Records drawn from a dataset
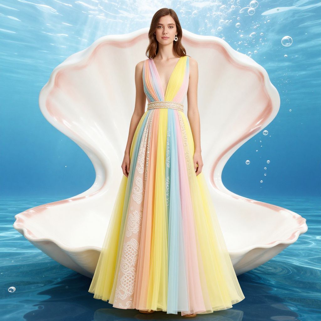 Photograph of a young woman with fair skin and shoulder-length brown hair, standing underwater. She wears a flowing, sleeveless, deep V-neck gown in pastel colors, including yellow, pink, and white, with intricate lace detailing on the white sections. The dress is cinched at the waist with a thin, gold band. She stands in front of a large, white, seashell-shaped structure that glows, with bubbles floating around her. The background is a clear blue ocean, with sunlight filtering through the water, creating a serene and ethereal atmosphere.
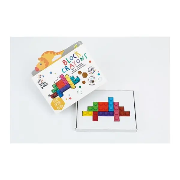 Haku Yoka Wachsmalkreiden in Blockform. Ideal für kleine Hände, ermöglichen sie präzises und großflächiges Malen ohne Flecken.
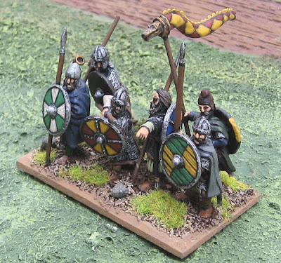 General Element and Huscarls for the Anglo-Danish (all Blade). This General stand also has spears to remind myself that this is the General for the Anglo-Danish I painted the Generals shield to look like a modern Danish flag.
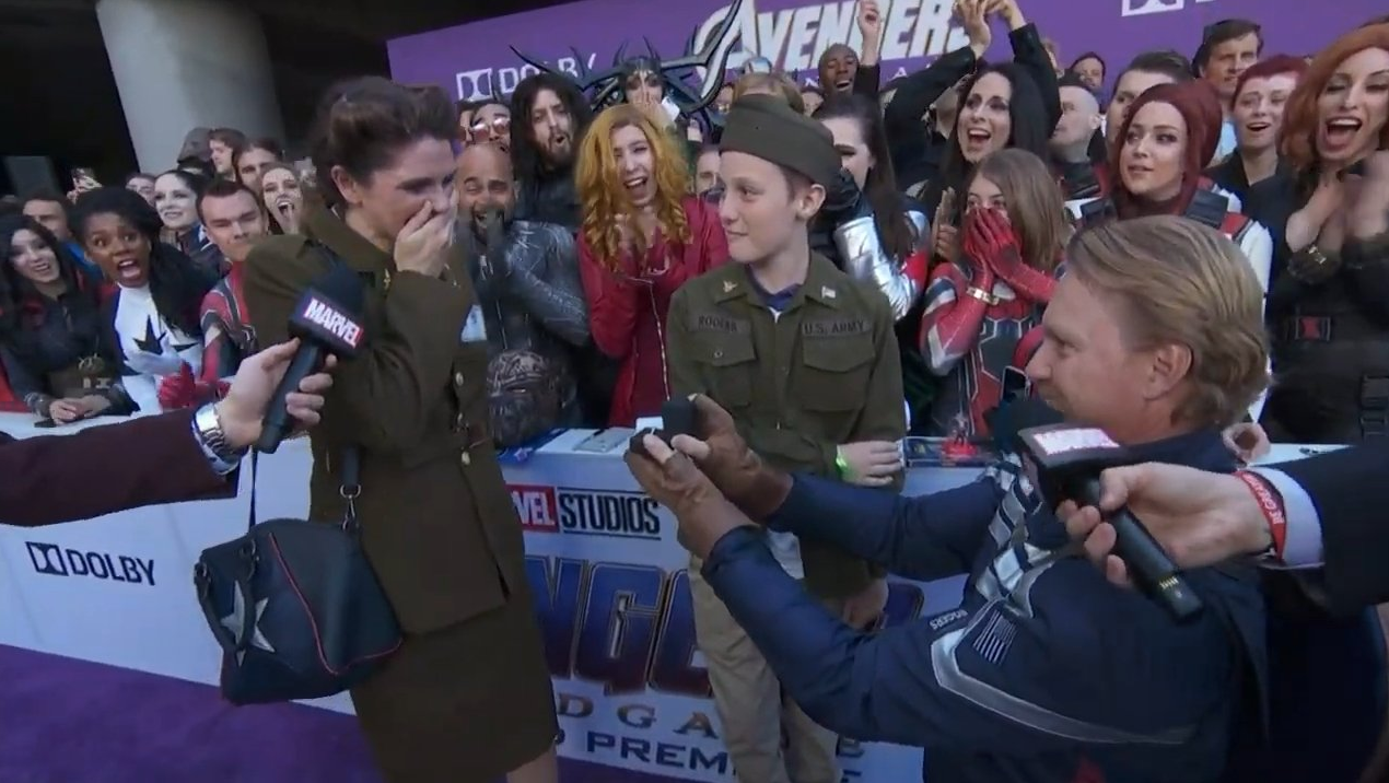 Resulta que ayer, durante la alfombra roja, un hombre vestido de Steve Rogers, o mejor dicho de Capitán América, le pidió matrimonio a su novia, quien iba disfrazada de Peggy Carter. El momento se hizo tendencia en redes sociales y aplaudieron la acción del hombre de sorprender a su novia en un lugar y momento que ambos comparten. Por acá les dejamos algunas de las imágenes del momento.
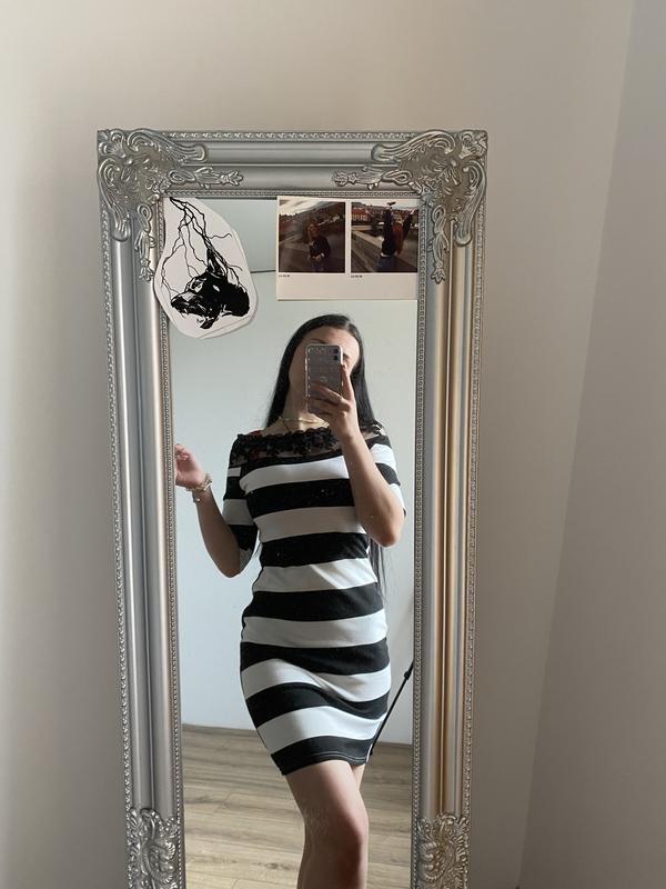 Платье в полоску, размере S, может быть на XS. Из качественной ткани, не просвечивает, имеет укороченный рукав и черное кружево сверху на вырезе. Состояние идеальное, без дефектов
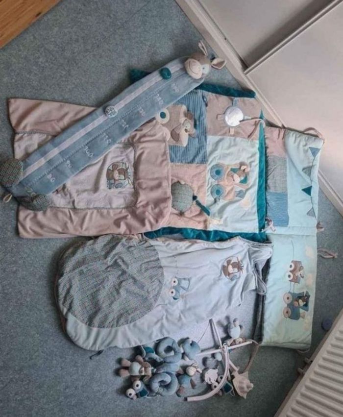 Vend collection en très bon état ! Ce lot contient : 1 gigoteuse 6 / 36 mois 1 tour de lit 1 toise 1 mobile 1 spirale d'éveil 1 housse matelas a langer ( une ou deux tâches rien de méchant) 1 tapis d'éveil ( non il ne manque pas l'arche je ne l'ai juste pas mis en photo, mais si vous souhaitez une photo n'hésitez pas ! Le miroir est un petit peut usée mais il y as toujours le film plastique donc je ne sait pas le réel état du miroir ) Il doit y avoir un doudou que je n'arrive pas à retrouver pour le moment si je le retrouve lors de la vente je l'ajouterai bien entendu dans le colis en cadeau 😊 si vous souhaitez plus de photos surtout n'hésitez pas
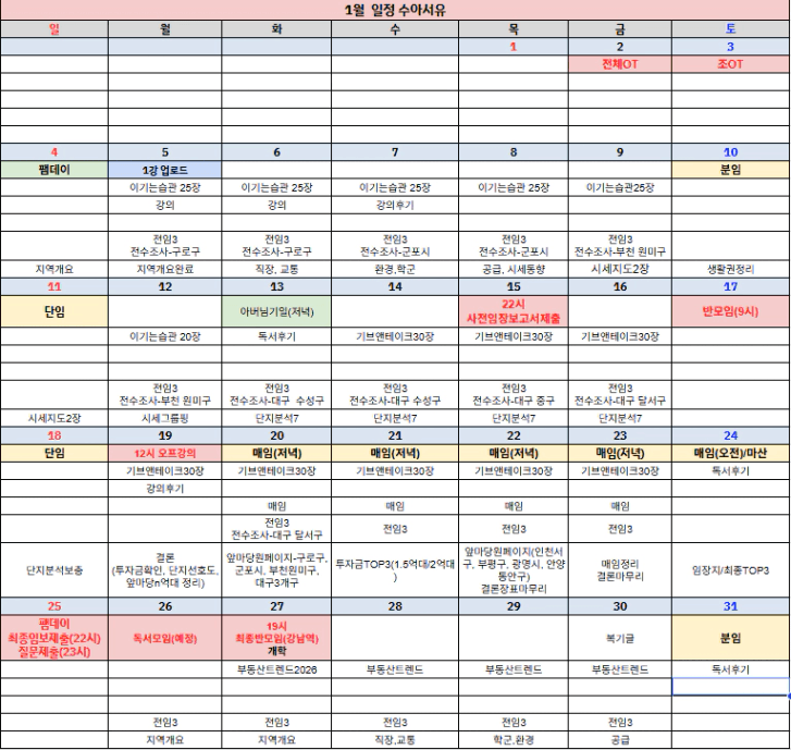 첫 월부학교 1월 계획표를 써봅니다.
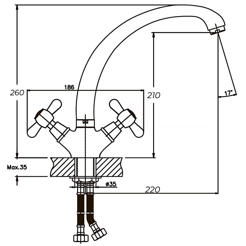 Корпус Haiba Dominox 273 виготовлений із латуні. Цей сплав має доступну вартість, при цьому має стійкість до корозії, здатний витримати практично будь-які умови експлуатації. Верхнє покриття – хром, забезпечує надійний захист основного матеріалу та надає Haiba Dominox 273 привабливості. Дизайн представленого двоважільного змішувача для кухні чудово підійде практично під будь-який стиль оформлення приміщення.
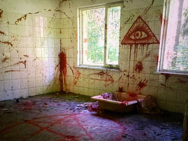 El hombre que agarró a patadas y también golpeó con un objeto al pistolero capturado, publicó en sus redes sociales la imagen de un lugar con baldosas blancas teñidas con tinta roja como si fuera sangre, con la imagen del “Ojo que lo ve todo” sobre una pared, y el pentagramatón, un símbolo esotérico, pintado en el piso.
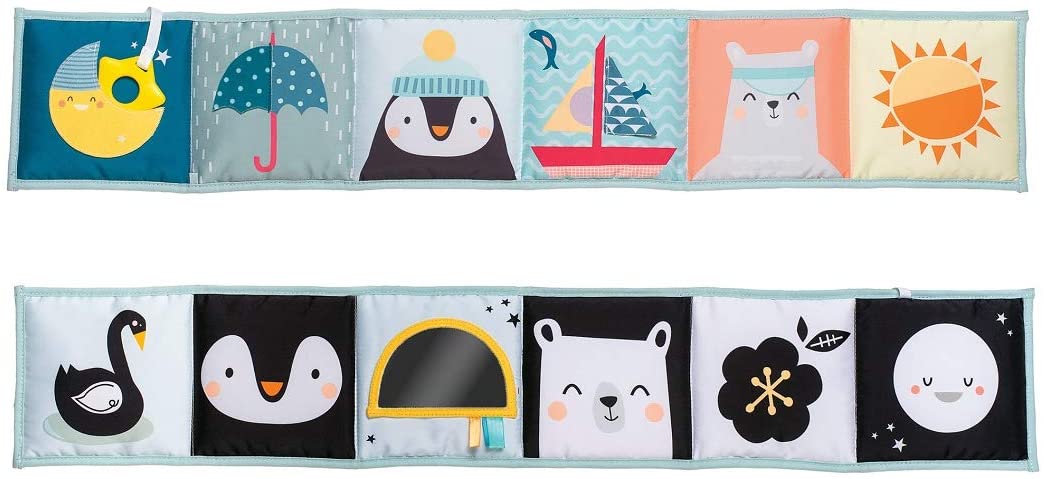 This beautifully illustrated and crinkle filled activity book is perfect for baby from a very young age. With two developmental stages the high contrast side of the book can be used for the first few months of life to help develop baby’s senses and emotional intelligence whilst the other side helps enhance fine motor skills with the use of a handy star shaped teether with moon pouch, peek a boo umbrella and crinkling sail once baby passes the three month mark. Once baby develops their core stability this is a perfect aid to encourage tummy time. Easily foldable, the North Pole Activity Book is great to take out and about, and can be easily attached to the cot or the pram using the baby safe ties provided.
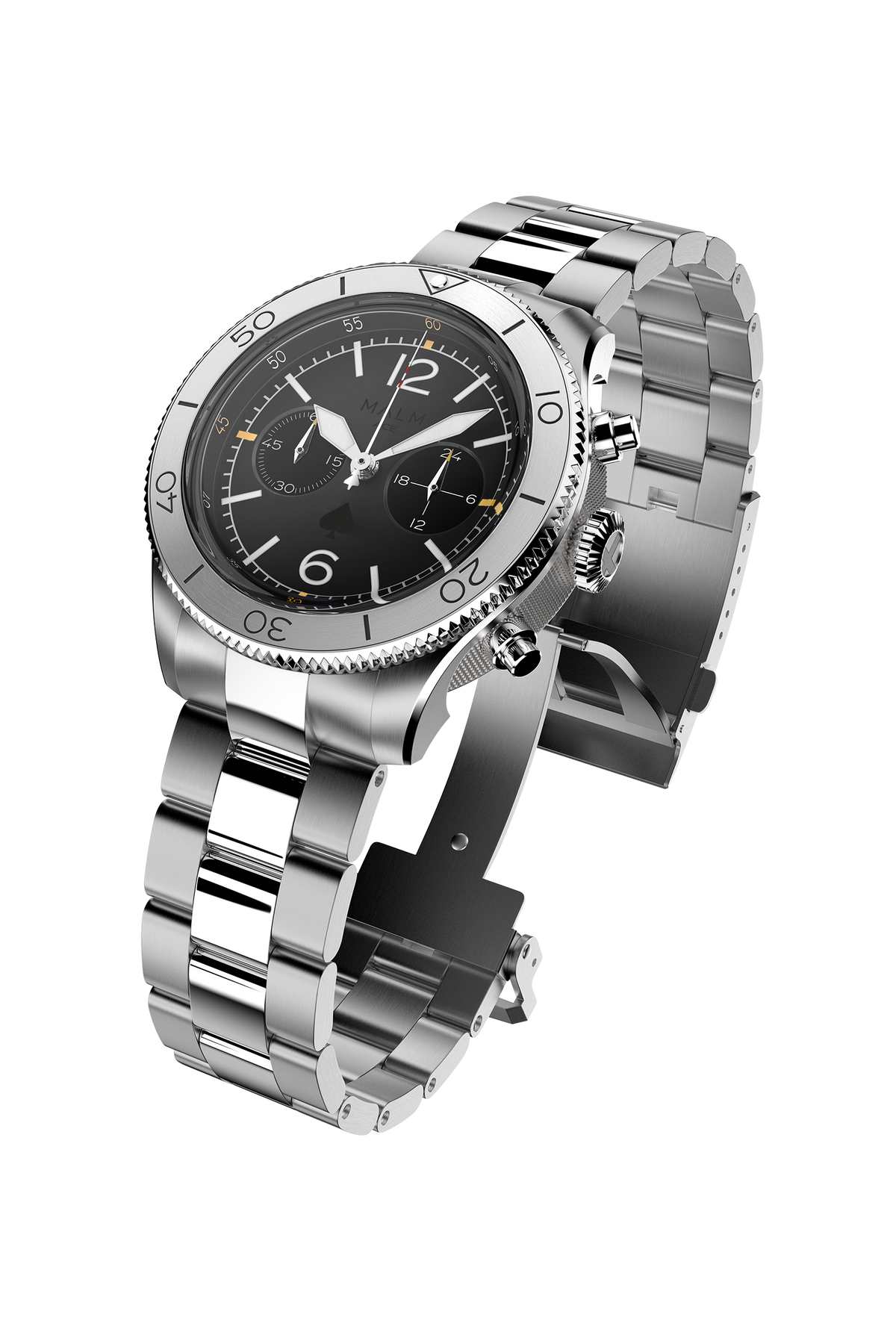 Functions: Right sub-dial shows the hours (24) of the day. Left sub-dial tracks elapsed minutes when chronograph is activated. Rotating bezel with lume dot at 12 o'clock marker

About this task: The records above are to be restated exactly, without their pictures.

Exercise response:
 Photograph of a young woman with fair skin and shoulder-length brown hair, standing underwater. She wears a flowing, sleeveless, deep V-neck gown in pastel colors, including yellow, pink, and white, with intricate lace detailing on the white sections. The dress is cinched at the waist with a thin, gold band. She stands in front of a large, white, seashell-shaped structure that glows, with bubbles floating around her. The background is a clear blue ocean, with sunlight filtering through the water, creating a serene and ethereal atmosphere.
 Haku Yoka Wachsmalkreiden in Blockform. Ideal für kleine Hände, ermöglichen sie präzises und großflächiges Malen ohne Flecken.
 General Element and Huscarls for the Anglo-Danish (all Blade). This General stand also has spears to remind myself that this is the General for the Anglo-Danish I painted the Generals shield to look like a modern Danish flag.
 Resulta que ayer, durante la alfombra roja, un hombre vestido de Steve Rogers, o mejor dicho de Capitán América, le pidió matrimonio a su novia, quien iba disfrazada de Peggy Carter. El momento se hizo tendencia en redes sociales y aplaudieron la acción del hombre de sorprender a su novia en un lugar y momento que ambos comparten. Por acá les dejamos algunas de las imágenes del momento.
 Платье в полоску, размере S, может быть на XS. Из качественной ткани, не просвечивает, имеет укороченный рукав и черное кружево сверху на вырезе. Состояние идеальное, без дефектов
 Vend collection en très bon état ! Ce lot contient : 1 gigoteuse 6 / 36 mois 1 tour de lit 1 toise 1 mobile 1 spirale d'éveil 1 housse matelas a langer ( une ou deux tâches rien de méchant) 1 tapis d'éveil ( non il ne manque pas l'arche je ne l'ai juste pas mis en photo, mais si vous souhaitez une photo n'hésitez pas ! Le miroir est un petit peut usée mais il y as toujours le film plastique donc je ne sait pas le réel état du miroir ) Il doit y avoir un doudou que je n'arrive pas à retrouver pour le moment si je le retrouve lors de la vente je l'ajouterai bien entendu dans le colis en cadeau 😊 si vous souhaitez plus de photos surtout n'hésitez pas
 첫 월부학교 1월 계획표를 써봅니다.
 Корпус Haiba Dominox 273 виготовлений із латуні. Цей сплав має доступну вартість, при цьому має стійкість до корозії, здатний витримати практично будь-які умови експлуатації. Верхнє покриття – хром, забезпечує надійний захист основного матеріалу та надає Haiba Dominox 273 привабливості. Дизайн представленого двоважільного змішувача для кухні чудово підійде практично під будь-який стиль оформлення приміщення.
 El hombre que agarró a patadas y también golpeó con un objeto al pistolero capturado, publicó en sus redes sociales la imagen de un lugar con baldosas blancas teñidas con tinta roja como si fuera sangre, con la imagen del “Ojo que lo ve todo” sobre una pared, y el pentagramatón, un símbolo esotérico, pintado en el piso.
 This beautifully illustrated and crinkle filled activity book is perfect for baby from a very young age. With two developmental stages the high contrast side of the book can be used for the first few months of life to help develop baby’s senses and emotional intelligence whilst the other side helps enhance fine motor skills with the use of a handy star shaped teether with moon pouch, peek a boo umbrella and crinkling sail once baby passes the three month mark. Once baby develops their core stability this is a perfect aid to encourage tummy time. Easily foldable, the North Pole Activity Book is great to take out and about, and can be easily attached to the cot or the pram using the baby safe ties provided.
 Functions: Right sub-dial shows the hours (24) of the day. Left sub-dial tracks elapsed minutes when chronograph is activated. Rotating bezel with lume dot at 12 o'clock marker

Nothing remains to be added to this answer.